Le projet de la Commission européenne de déployer une nouvelle constellation de connectivité appartenant et exploitée par l’UE semble répondre à tous ces besoins. Ainsi, en récompensant mieux sa science, en soutenant ses petites entreprises et ses jeunes pousses, et en encourageant l’esprit d’entreprise et la prise de risque dans le financement et la recherche, le projet a tout le potentiel pour créer un véritable “modèle spatial européen”. 

Dans cette entreprise sans précédent, la Commission dispose qui plus est d’alliés de poids : la France et l’Allemagne sont traditionnellement les premiers partenaires, mais aussi les plus fiables, de la concrétisation de tout grand projet européen. La France à elle seule, avec 1,5 milliard d’euros d’investissements prévus dans le cadre du plan “France 2030”, est le premier investisseur européen dans la technologie spatiale et peut compter sur des leaders mondiaux dans leurs segments respectifs (Arianespace, Thalès et le géant franco-allemand Airbus, pour n’en citer que quelques-uns).

Néanmoins, il n’empêche que ces ambitions posent la question du financement. Bien qu’il semble y avoir un large consensus autour des objectifs géopolitiques, les implications économiques et financières de la construction d’une nouvelle constellation doivent encore être évaluées et il n’est pas clair quelle part de ces fonds proviendra du public ou du privé.
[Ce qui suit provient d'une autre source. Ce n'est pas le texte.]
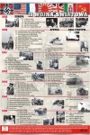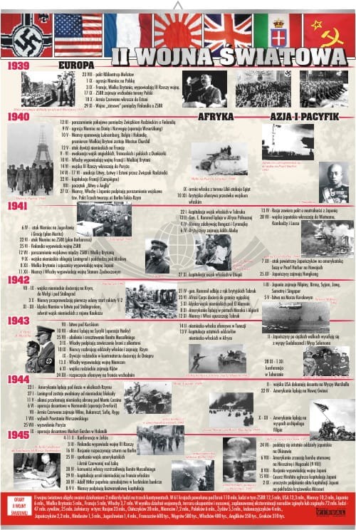 Plansza edukacyjna przedstawiająca najważniejsze wydarzenia II wojny światowej z podziałem na Europę, Afrykę oraz Azję i Pacyfik.

La Commission affirme qu’au moins 2,4 milliards d’euros proviendront de fonds européens, mais les 27 États membres et le secteur privé devraient égaler cette contribution pour espérer atteindre les 6 milliards attendus.

Indépendamment des considérations financières, il est clair que l’UE est sur la bonne voie pour devenir un acteur économique et militaire central dans l’espace au cours de la prochaine décennie. L’ensemble de la chaîne de valeur – des ingénieurs spatiaux et techniques aux opérateurs de satellites et aux fabricants de lanceurs – ont tous un intérêt concret dans le développement d’une nouvelle constellation européenne pour le continent. Incontestablement, cette proposition et l’ambition de l’UE dans l’espace ouvrent la voie à un nouveau consortium dirigé par l’UE pour construire, exploiter et maintenir la nouvelle constellation. 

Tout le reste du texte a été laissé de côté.